How do you stay true to yourself when you’ve lost the authentic self in the process of creating the professional self?
Once a while, people ask if I want to do something bigger with this blog. Like making it a “real deal”, writing on schedule, stacking up likes and putting up ads. I thought about it. But I don’t like it.
At the end of the day, the reason I created this blog wasn’t to share my wisdom to the masses and recruit them into a cult. When I started out, I didn’t even share the post onto my Facebook account (which at that time didn’t even have as many friends as it does now). I just wanted to keep the site private, secretive and true.
First stage: The rant
My blog, first and foremost, was a form of therapy for my anxiety and mild depression at the time. I was living away from home for the first time. In a different continent. In a country that speaks a language that I wasn’t familiar with. Envious of my high school friends who got to study in Australia, France, Germany, Canada, the UK and the US, all these fancy countries that are mentioned all the time on the news and in the textbooks. I was sad.

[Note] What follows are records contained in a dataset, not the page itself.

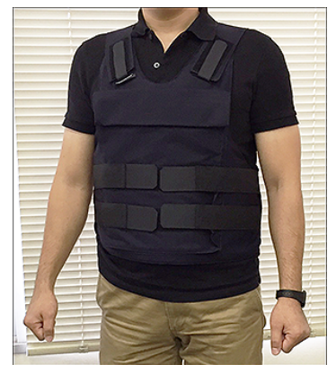
身長170cm, 72kg Lサイズ着用
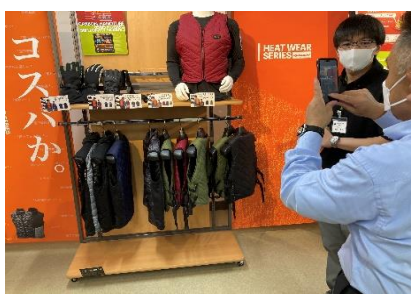
アタックベースにて
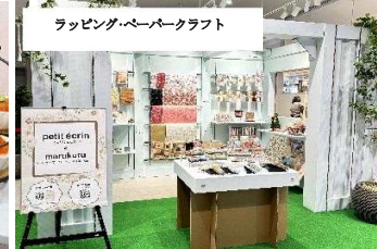
ラッピング・ペーパークラフト
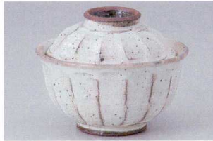
14606-456 2,400円 254509620 粉引鉄彩蓋物(110×88mm)
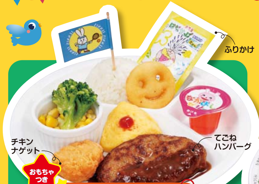
チキンナゲット ふりかけ てごねハンバーグ

●いろいろなえらべるおもちゃ Various Toy Selection 各种供选择的玩具 / 여러가지 고를수있는 장난감 ¥55
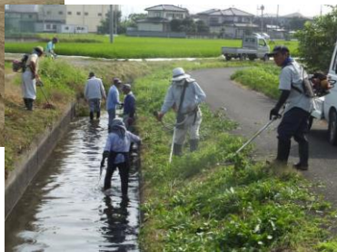
水路の草刈り作業
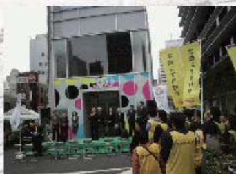
2013.3.30 「京橋大根河岸通り」 「京橋竹河岸通り」 命名式
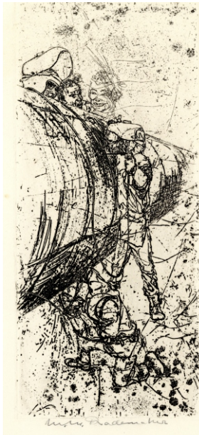
Vier personen bij gasbuis
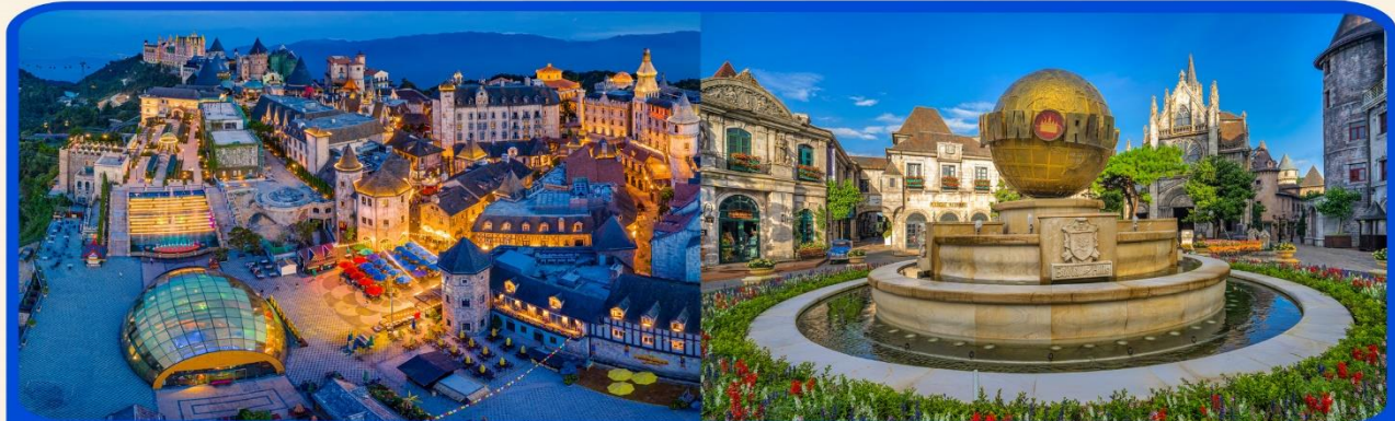
พักผ่อน บานาฮิลล์ 1 คืน
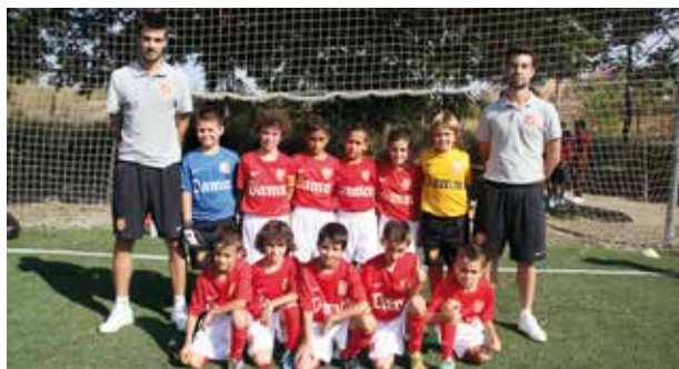
BENJAMÍ B | BENJAMÍN B
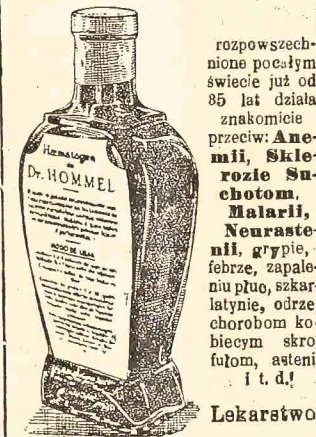
HAEMATOGEN D-ra Hommela działa skutecznie.

Słynne lekarstwo HAEMATOGEN DRA HOMMEL/A
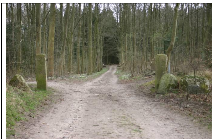
Figur 2: Ledsten ved den nordlige indgang til Lillering skov ved Bøgebakken.
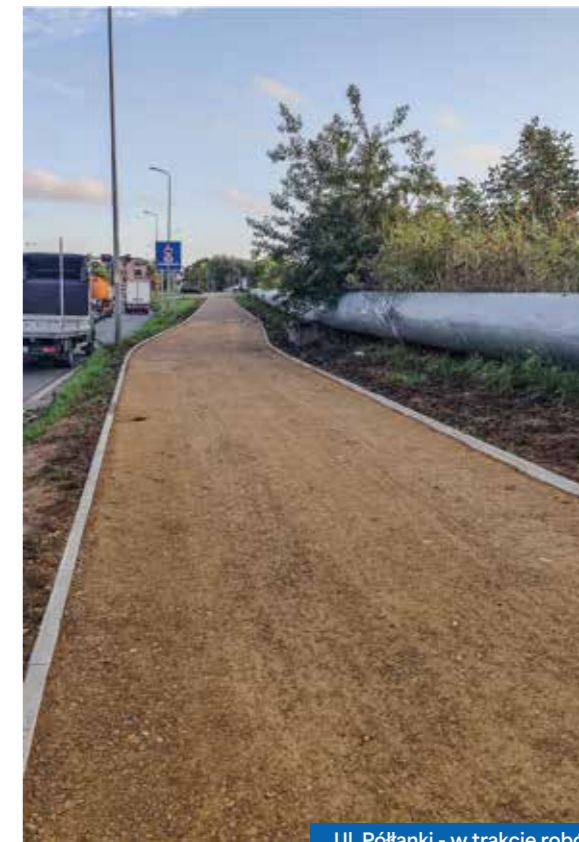
Ul. Półtanki - w trakcie robót

Kilka dróg dla rowerów przeszło miejscowe naprawy, m.in.: fragment drogi dla rowerów przy ul. Reymonta – na wysokości Uniwersytetu Rolniczego i AGH do Alei Trzech Wieszczów; fragment drogi dla rowerów przy ul. Armii Krajowej w okolicach skrzyżowania z ul. Zarzecze; fragment drogi dla rowerów wzdłuż al. Solidarności na odcinku między ul. Bulwarową a kombinatem.

But writing made me realize, my problem was more than just sadness. It was ignorance. I was stupid. I wasn’t aware of my privilege. Wasn’t grateful for what my parents have done for me. Wasn’t thinking about anyone else but myself. It resulted in a series of blog posts writing about how I hated my life, my school, my country and whatnot. Full of hatred.
I wouldn’t delete those posts though, even though they are kind of embarrassing to reread. I think they were true to me at the moment. They capture my thoughts and emotion in time. And that’s kind of incredible. So I don’t regret anything. But I wouldn’t showcase it to the world and tell people to learn something from it. Because they wouldn’t see the journey as I’ve experienced it. They wouldn’t see me grow post by post. They just read one blog, and that’s it. That’s how they see me. The true me of 3 years ago wouldn’t be the same me today. But how could they tell?
Second stage: The public persona
At some point, maybe a year ago I did want to make blogging a profession. I was gaining more popularity at the university and in the Vietnamese community, so I thought maybe I could take advantage of this momentary fame and promote my site.
I knew people who did it. If they could do it, I could do it too. I’m not afraid of them.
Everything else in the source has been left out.